On April 22, 2002, the U.S. Supreme Court heard oral arguments in a case involving a high-end San Francisco restaurant named Fior D’Italia and the agency that everyone loves to hate — the Internal Revenue Service. The outcome of this case may ultimately affect the way restaurateurs (and others who employ tipped employees) do business- and the way that employees report their tip income.

The case is being closely watched and supported by industry advocates like the National Restaurant Association, the California Restaurant Association and the Golden Gate Restaurant Association, located in San Francisco.

The issue is whether the IRS, after deciding that tips have been underreported, has the authority to assess aggregated tip income based on estimates from an employer’s gross receipts in order to collect employment taxes on such estimated assessed tips from the employer.

The IRS’ legal right to collect employment taxes on W-2 wages is established.
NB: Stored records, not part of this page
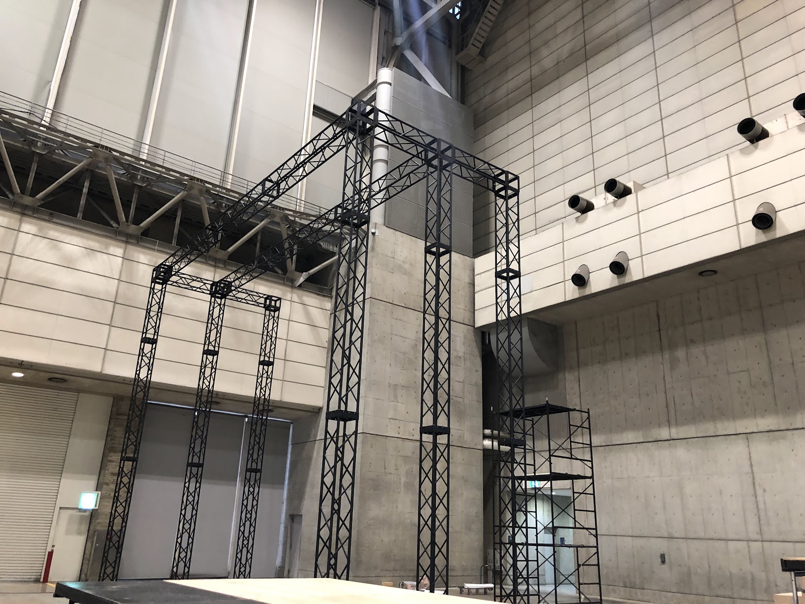 こちらは、トラスと呼ばれるステージなどの骨組みです。これに照明機材や映像機材を設置していきます。がっちりしてますね。
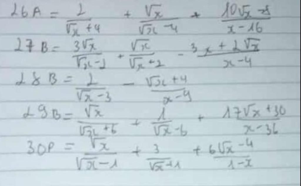 `B=(x-6sqrt(x)+sqrt(x)+6+17sqrt(x)+30)/((sqrt(x)+6)(sqrt(x)-6))`
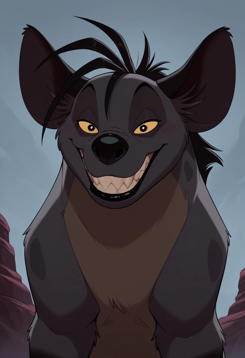 shenzi, hyena, yellow eyes, yellow sclera, black pupils, grey fur, black hair, sharp teeth, fangs
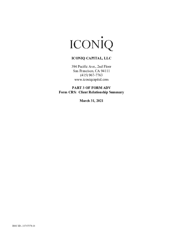ICONIQ CAPITAL, LLC 394 Pacific Ave., 2nd Floor San Francisco, CA 94111 (415) 9677763 www.iconiqcapital.com PART 3 OF FORM ADV Form CRS: Client Relationship Summary March 31, 2021DOC ID 33747579.14ICONIQ
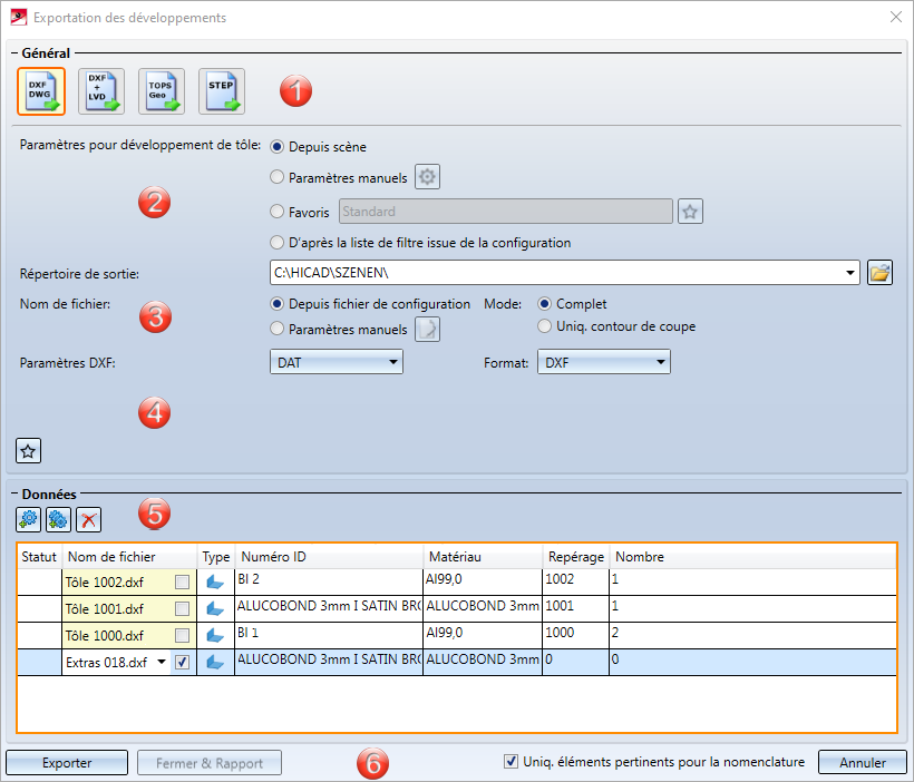 Vous devez sélectionner ici pour les fichiers DXF/DWG si vous souhaitez exporter les contours de coupe (Uniq. contour de coupe) ou la projection développée complète (Complet). |
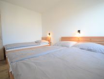 2-pokojowe mieszkanie 32 m2 na 1. piętrze, od północnego-wschodu. Salon/jadalnia z TV (satelitarna) (TV z płaskim ekranem), klimatyzacją. 1 pokój z 1 łóżkiem (90 cm, o długości 200 cm), 1 łóżkiem podwójnym (2 x 80 cm, o długości 200 cm), klimatyzacją. Otwarta kuchnia (zmywarka do naczyń, 2 palniki – kuchenka z płytą ceramiczną, toster, czajnik elektryczny, kuchenka mikrofalowa, zamrażarka, ekspres do kawy). Prysznic/WC. Widok na morze. Do dyspozycji: pralka. Internet (bezprzewodowy LAN [WLAN], gratis). Max. 1 mały zwierzak/pies.- udogodnienia
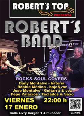 ALMUNECAR – In bar/restaurant Robert’s Top in Almuñécar staat vrijdagavond 17 januari een optreden geprogrammeerd van Robert´s Band. Het optreden begint rond 22.00 uur.

The problem arises when, following an audit, the IRS determines that there is a proportional disparity between the tips reported and the gross receipts. Then the IRS will simply use the employer’s sales records to estimate the amount of tips that should have been reported. It apparently does not audit individual employees regarding the amount of actual tips they received, nor does it investigate mitigating circumstances that may have reduced the amount received, such as sharing tips with other employees. There are even some employees who are excluded from tip reporting altogether. By way of example, in the Fior D’Italia case the IRS felt that tips had not been properly reported on cash sales, and proceeded to assess an aggregated tip amount by taking the average tip amount stated on a credit card charge and applying that to cash receipts. They then charged the restaurant for the employment taxes on the resulting amount.

The fundamental problem with this approach is that the employer is being held accountable for choices that the employees have made about whether to declare their cash tips or not. The employer does not know and is not legally required to know the amount of tips each staff member actually receives. Additionally, the IRS assessment was made without any audit of the individual employees to ascertain the actual amount of tips received. Further, they applied the average credit card tip to the cash receipts without taking into consideration the practical differences in tipping between credit card and cash transactions. Finally, since the aggregated assessed tips are not attributed to any particular employee, none of the employees get credit toward Social Security benefits based on the assessment -despite the fact that the employer is paying the employment tax portion. In other words, the IRS is taking employment tax money from the restaurant based on an estimate that it cannot substantiate, and without providing any benefit in exchange to the workers on whose behalf the employment taxes are paid.

Fior D’Italia won its case at the district court, and at the 9th Circuit Court of Appeals. The IRS appealed to the U.S. Supreme Court, which agreed to hear the matter because courts in various circuits have reached different decisions on similar cases. We note that while the Supreme Court decision will address the methodology used in this particular matter, the real solution lies in revising the tax code, which is a matter for Congress. In that case, even if Fior D’Italia prevails in this particular case, it may be years before legislative changes are implemented.

What should employers do in the meantime? Educate your employees about the importance of accurate tip reporting. Advise them that 100 percent of all tips received are considered wages and must be reported. Talk to them about the benefits that they are missing if they do not report their tips, as contributions to worker’s compensation, unemployment insurance and Social Security all relate to their reported income. Give them the example of the $23,000 Fior D’Italia assessment, and explain what that would do to the bottom line.

Fair or not, the onus is clearly on the employer to do as much as possible to educate his workforce to report all tips, and to create a system that will enable them to do so quickly, easily and accurately. One solution is the use of point-of-sale software specifically designed for the restaurant industry. According to Kay Branson and Graham Granger of Digital Dining, software products such as the one they provide require employees to report cash tips prior to clocking out, and automatically attribute credit card tips to the server at the completion of each sale. An additional benefit is that the system can consistently provide for accurate record keeping even in the event of high employee or manager turnover. Such reports can not only demonstrate the employer’s due diligence in the tip reporting process but also enable the employer to monitor tip reporting. While there are several such products available, it appears that an appropriate computerized system could eliminate or reduce many managerial headaches.

Until the law changes, employers may still be liable for assessments like the one aimed at Fior D’Italia; however, the more an employer does to educate his employees and to make tip reporting easy and accurate, the better position the employer will be in -if the IRS comes knocking.